GMOD

Community Annotation - September 2010 Satellite

Community Annotation Satellite Meeting

September 2010 GMOD Meeting
15 September 2010
Cambridge, UK

Part of GMOD Europe 2010

1 Participants
2 Some Experiences
3 Discussion
4 Analysis
- 4.1 Lessons
5 See Also

This satellite meeting was held Wednesday, 15 September, in Cambridge, UK as part of GMOD Europe 2010 and the September 2010 GMOD Meeting. This session dealt with Community Annotation. The other satellite was on Post Reference Genome Tools and had many of the same participants. The topic of community annotation was proposed by Kim Rutherford.

Participants

Ellen Adlem, Cambridge University Cambridge Institue of Medical Research, T1DBase
Gerd Anders, Max-Delbrueck-Centrum Berlin (MDC)
Jerven Bolleman, UniProt Swiss-Prot
Scott Cain, GMOD Project Coordinator, OICR
Dave Clements, GMOD Help Desk, NESCent
Oskana Riba Grognuz, Swiss Institute of Bioinformatics (SIB) Department of Ecology and Evolution, University of Lausanne
Chris Hemmerich, CGB, Indiana University
Joan Pontius, National Cancer Institute, SAIC
Kim Rutherford, Cambridge Systems Biology Centre, PomBase

Some Experiences

PomBase

Val Wood at PomBase sent out a GO curation request in a Microsoft Word document to 80-90 authors of recent S. pombe papers. Val is well known in the community and asked the authors to provide GO annotation for their papers. PomBase got an 80% response rate. The annotations were reviewed by PomBase personnel and most annotations were either spot on, or very close in the GO hierarchy. Val’s view is if PomBase can get the community to do 90% of the annotation work, then PomBase can do 10 times as much annotation.

UniProt

UniProt added a “Contribute” section at the top of their protein pages. It includes 2 links, “Send feedback” and “Read comments or add your own.” In the year it has been up, UniProt has received 9 comments. That’s less than one comment a month for a resource that averages almost 4 million page views per month. The “Send feedback” link gets used more often, but not often enough to be a serious time commitment for UniProt staff.

Curators at UniProt also contact authors of a paper when the paper is added to UniProt.
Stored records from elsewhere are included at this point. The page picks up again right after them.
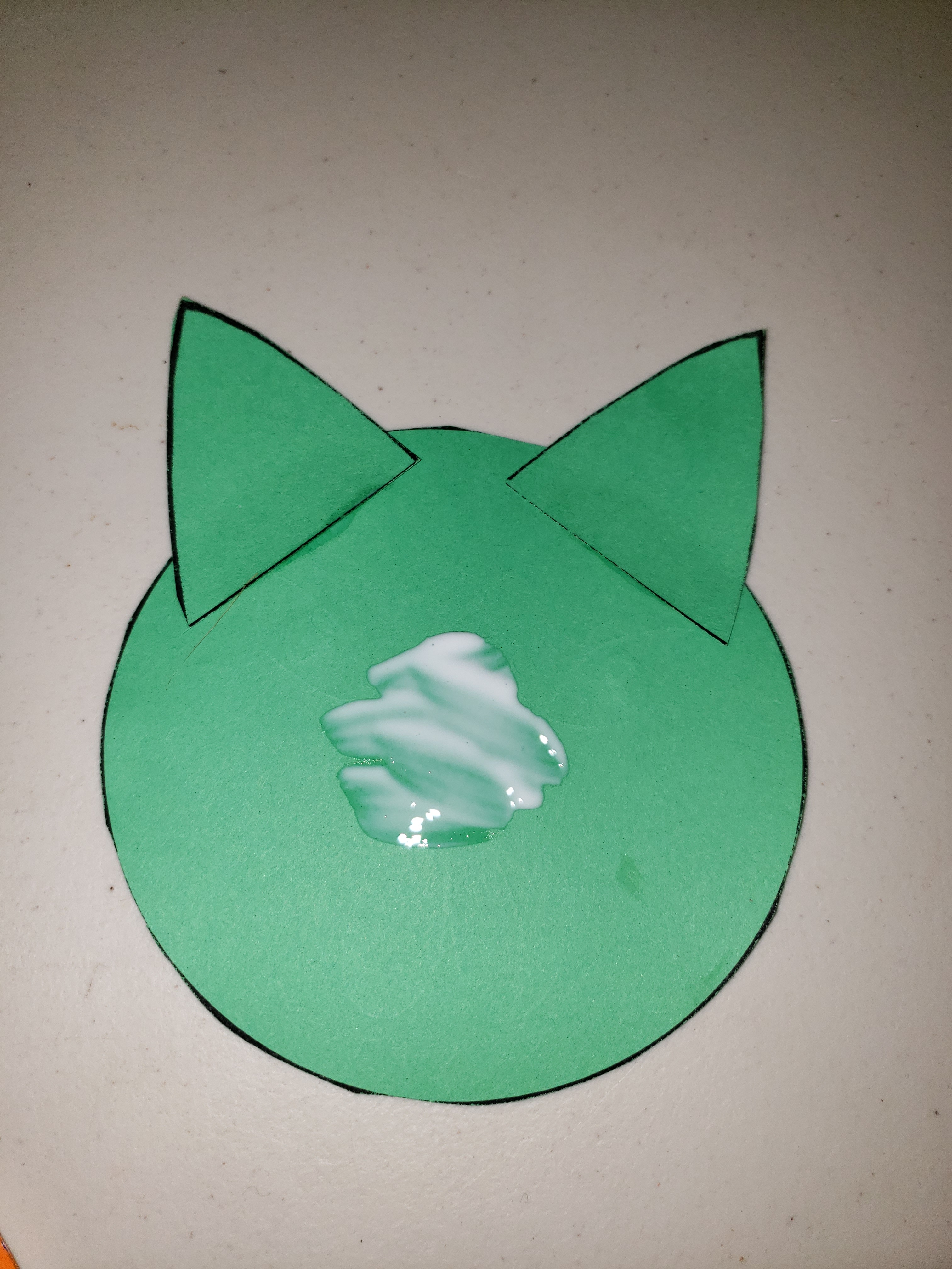 Glue the feet behind the body at the bottom of the circle (opposite the tail) and your cat head onto the centre of his body.
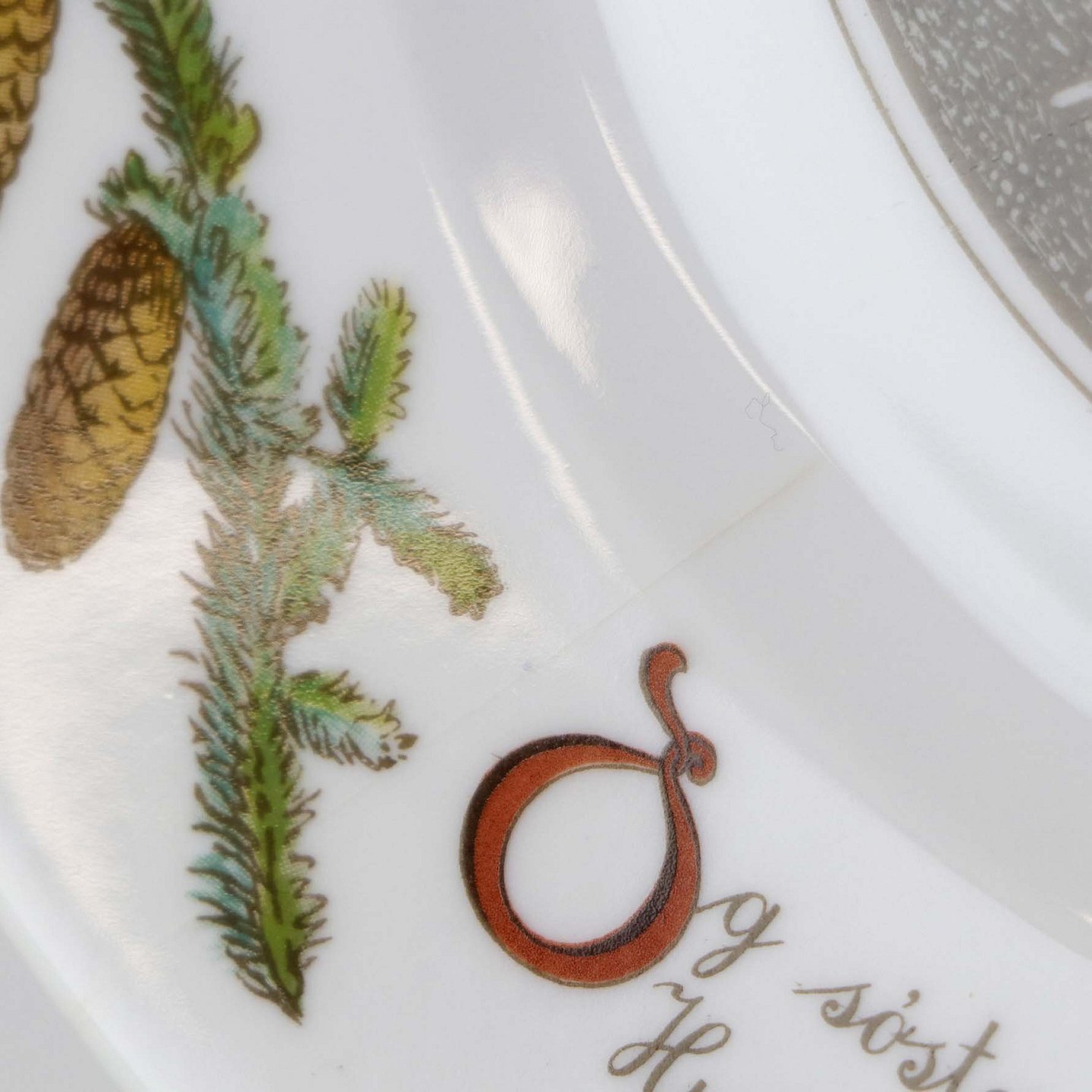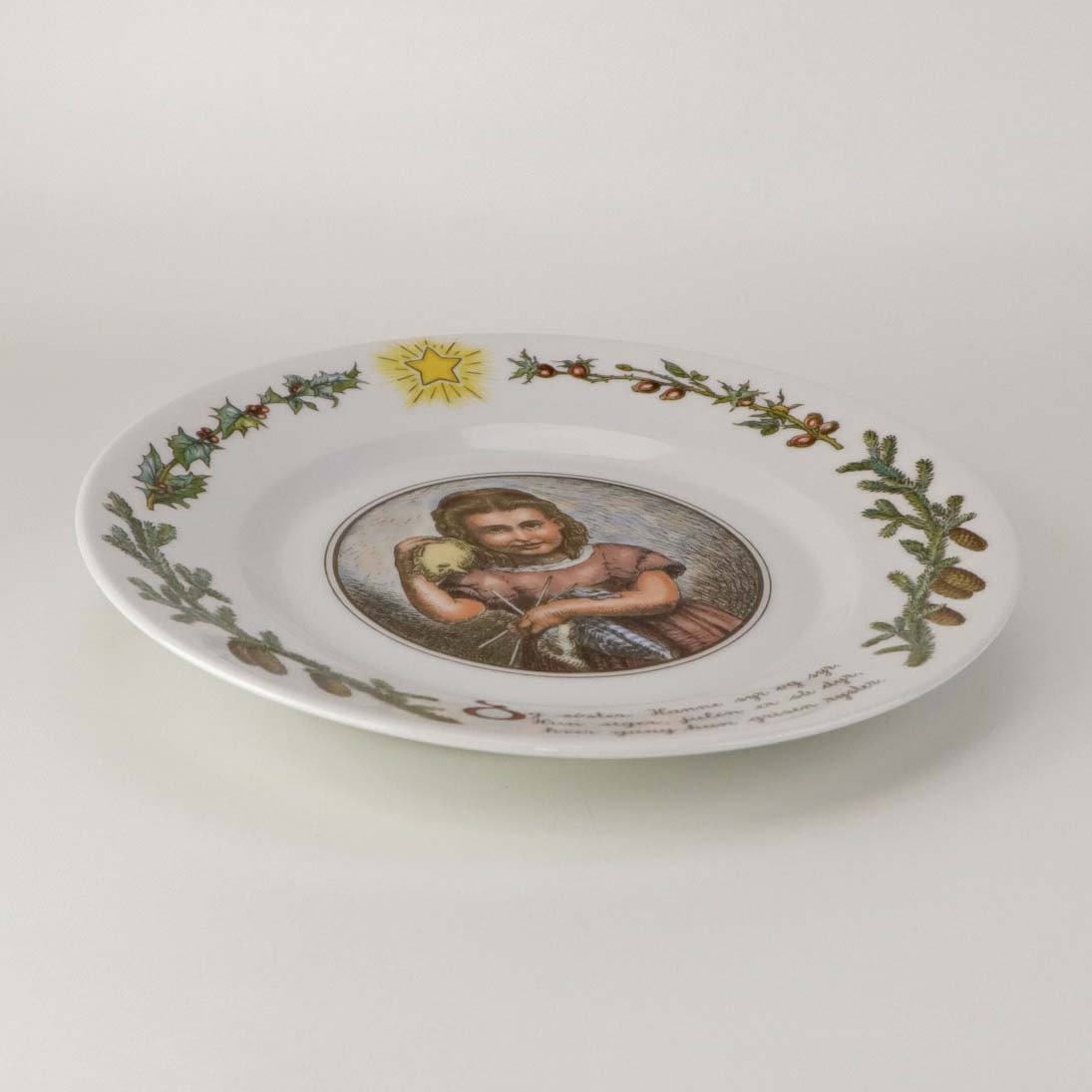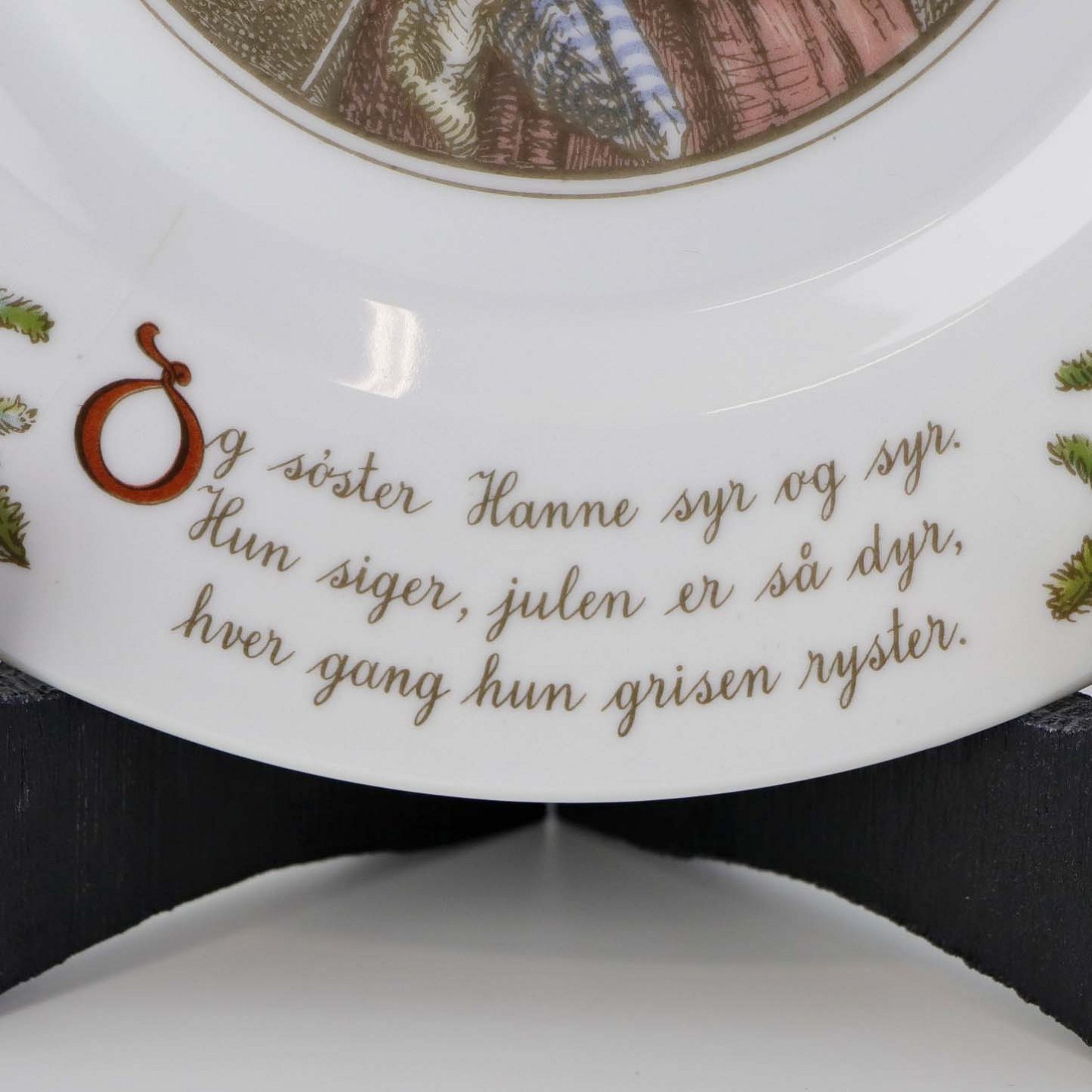 Teksten på tallerknen lyder - Og søster Hanne syr og syr. Hun siger, julen er så dyr, hver gang hun grisen ryster.
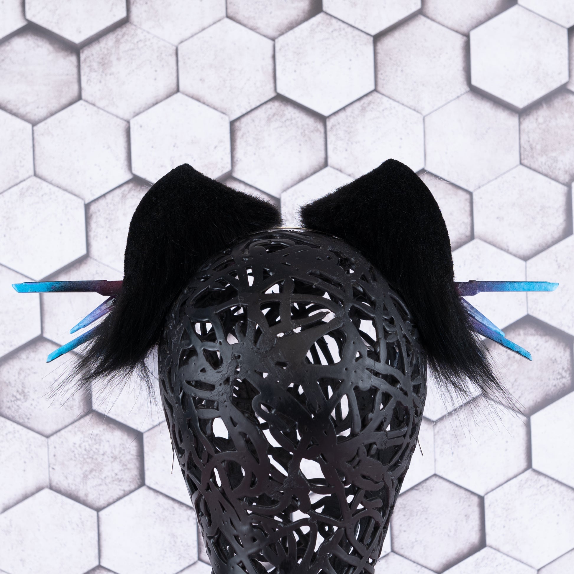 Ears are fully wired and posable on a metal headband. Approximately 2.5 inches tall. We use luxury quality faux fur and crystals.

This often results in the author’s coming back to UniProt more often.

ZFIN

ZFIN, the zebrafish model organism database (MOD), was launched in the mid 1990s with the stated goal of enabling community annotation. The development team had a user interface background and went to great lengths to support this. ZFIN’s annotation concept was for individuals to own certain gene and fish pages. This ownership gave them editing privileges for those pages. This effort was largely unsuccessful and today the vast majority of ZFIN users only have update access to their lab and personal records at ZFIN.

ZFIN has a ‘Your Input Welcome’ button on every data page. An average of 6 comments are received per month. These comments include questions, corrections, additional data, and requests to back curate data from older publications. ZFIN has had success with teams of community experts assisting in the development of the zebrafish anatomical ontology. In recent years, ZFIN, like many MODs, has added a community wiki. They are specifically encouraging community members to add protocols and antibody information. However, despite being more convenient and more familiar to users than ZFIN’s original efforts, there has been viewing traffic, but no user updates so far.

ZFIN encourages labs to submit gene expression and phenotype data using the Phenote software tool. Phenote allows researchers to annotate their images using terms from the ontologies used by ZFIN curators. There have been inquiries but there have not been any submissions with this tool to date.

MGI and EMAGE

Both MGI, the mouse MOD, and EMAGE, the Edinburgh Mouse Atlas of Gene Expression launched tools aimed at helping mouse researchers keep track of their gene expression data. These two projects took very different approaches, but ended up with similar, disappointing results. MGI created the Gene Expression Notebook (GEN), based on Excel, that bench scientists could use to track gene expression experiments and record annotation. This tool addressed a common need (tracking gene expression data and metadata) with a technology (Microsoft Excel) that almost every biologist is already familiar with. Researchers could use GEN for their own work, and then optionally submit their annotations back to MGI if they wanted to.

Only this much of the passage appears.